Камилла покачала головой, напряженно размышляя. Никогда еще Лоуренс не произносил столько слов сразу. Он по-прежнему обнимал ее, словно желая защитить. Камилла чувствовала его горячие ладони на своей спине.
– Вот почему нужно непременно найти этого зверя, мертвым или живым. Если они его найдут, он будет мертвым, если я – живым. И с этого момента нам лучше помалкивать.
– А что делать с Сюзанной?
– Съездим к ней завтра, скажем, чтобы поменьше трепалась.
– Она не любит, когда ей приказывают.
– Но она любит меня.
– Она уже могла рассказать кому-нибудь, кроме тебя.
– Не думаю. Вряд ли.
– Почему?
– Потому что она считает всех жителей Сен-Виктора круглыми идиотами. А меня нет, потому что я иностранец. Кроме того, она разговорилась об этом со мной, потому что я разбираюсь в волках.
– Почему же ты ни словом не обмолвился в среду вечером, когда мы вернулись из Экара?
– Я надеялся, что во время облавы животное обнаружат и тогда все само собой забудется. Не хотел понапрасну тебя расстраивать, ты ведь любишь толстуху.
Камилла снова покачала головой.
– Она сумасшедшая, твоя Сюзанна, – прошептал ей на ухо Лоуренс.
– Я ее все равно очень люблю.
– Знаю.
IX
На следующее утро в половине восьмого Лоуренс завел мотоцикл, и они тронулись в путь. Еще толком не проснувшаяся Камилла села сзади, и они не спеша проехали два километра до Экара. Одной рукой Камилла крепко обнимала Лоуренса, а в другой держала пустую банку из-под винограда в водке. Сюзанна давала виноград только в обмен на пустую банку.
Лоуренс повернул налево, выехав на каменистую дорогу, ведущую прямо к дому.
– Смотри, полицейские! – крикнула Камилла, тряся Лоуренса за плечо.
Лоуренс знаком показал, что тоже их заметил, заглушил мотор и слез с мотоцикла. Сняв шлемы, они с Камиллой увидели тот же голубой автомобиль «универсал», что стоял у овчарни, как два дня назад, и тех же двух полицейских, среднего роста и совсем низенького, которые бегали от дома к машине и обратно.
– God, – только и вымолвил Лоуренс.
– Вот черт, опять беда с овцами, – с досадой произнесла Камилла.
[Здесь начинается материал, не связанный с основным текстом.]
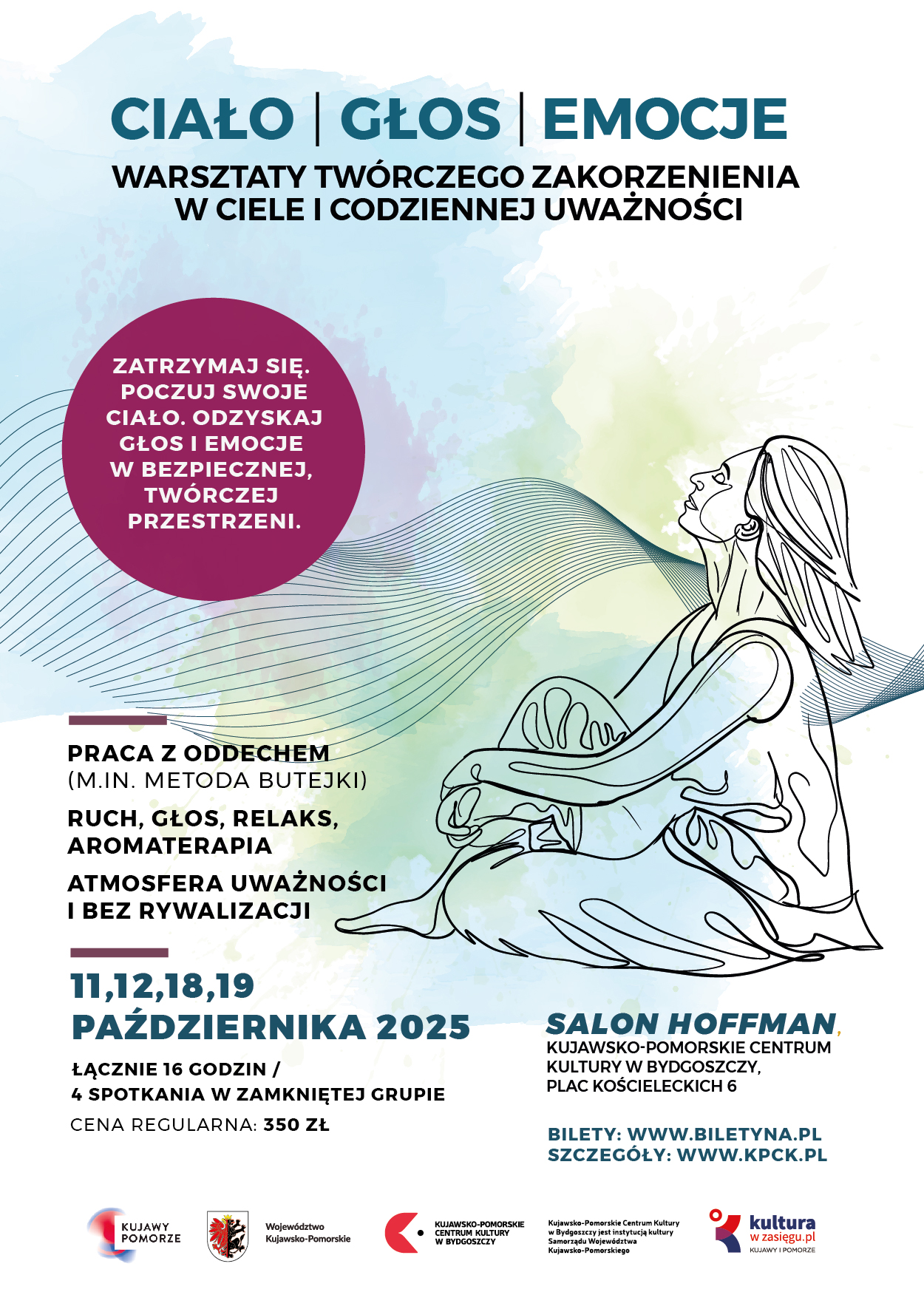 Współczesne tempo życia sprawia, że coraz częściej funkcjonujemy „od szyi w górę” – skupieni na zadaniach, ekranach, głowie. Tymczasem ciało – pierwsze i najbliższe źródło naszej tożsamości, emocji i ekspresji – zostaje zepchnięte na margines. Skutkuje to napięciem, zmęczeniem, trudnościami w komunikacji, a także poczuciem oderwania od siebie i innych. W odpowiedzi na te zjawiska, instytucje kultury coraz częściej stają się przestrzenią nie tylko edukacji i twórczości, ale również regeneracji i głębszego kontaktu ze sobą. Warsztaty „Ciało | Głos | Emocje” powstały jako propozycja rozwojowa, artystyczna i wspólnotowa, osadzona w ramach kultury współczesnej i pracy z ciałem jako źródłem obecności, autentyczności i ekspresji.

– Bullshit. Теперь толстуху не утихомирить.
– Сюзанну.
– Сюзанну.
– Лучше бы это случилось где-нибудь еще.
– Волк сам выбирает. Случай тут ни при чем, – сказал Лоуренс.
– Он выбирает?
– Несомненно. Ходит на разведку, пока не отыщет то, что ему нужно. Овчарня легко доступна, стоит на отшибе, собак держат на привязи. Вот он и возвращается. И еще не раз вернется. Если сюда повадится, его будет проще поймать.
Лоуренс положил шлем и перчатки на сиденье мотоцикла.
– Пойдем, – позвал он Камиллу, – надо взглянуть на раны. Интересно, они такие же или другие?
Лоуренс встряхнулся, как просыпающийся зверь, – так он всегда делал, когда возникали какие-нибудь трудности. Камилла сжала кулаки и сунула их в карманы брюк. Тропинка пахла тимьяном и базиликом – и кровью, подумала про себя Камилла. А Лоуренс считал, что здесь всегда пахнет овечьей грязной шерстью и мочой.
Они пожали руку жандарму среднего роста: вид у него был растерянный и крайне удрученный.
– Можно я осмотрю повреждения? – спросил Лоуренс.
Жандарм пожал плечами.
– Ни к чему нельзя прикасаться, – произнес он заученно, словно робот. – Ни к чему нельзя прикасаться.
Тут он устало махнул рукой, позволяя им войти.
– Вы там поосторожнее, зрелище ужасное, – предупредил он. – Просто ужасное.
– Да уж, не из приятных, – согласился Лоуренс.
– А вы что, за виноградом приехали? – осведомился жандарм, заметив пустую банку.
– Да, за виноградом, но не только, – ответила Камилла.
– Неудачный день выбрали, очень неудачный день.
Камилла не могла взять в толк, почему полицейский сегодня все повторяет по два раза. Это же полдня пройдет, а он ничего толком сказать не успеет. Вот Лоуренс, который обычно произносил только треть фразы, экономил уйму времени. Или терял, это как посмотреть. Вот мать Камиллы, например, говорила, что потерять время – значит его выиграть.
Она повернулась к овчарне, но не увидела у дверей ни Солимана, ни Полуночника. Лоуренс уже зашел внутрь, и Камилла последовала за ним. Он вдруг повернулся, белый как полотно, и выставил руки, не давая ей пройти.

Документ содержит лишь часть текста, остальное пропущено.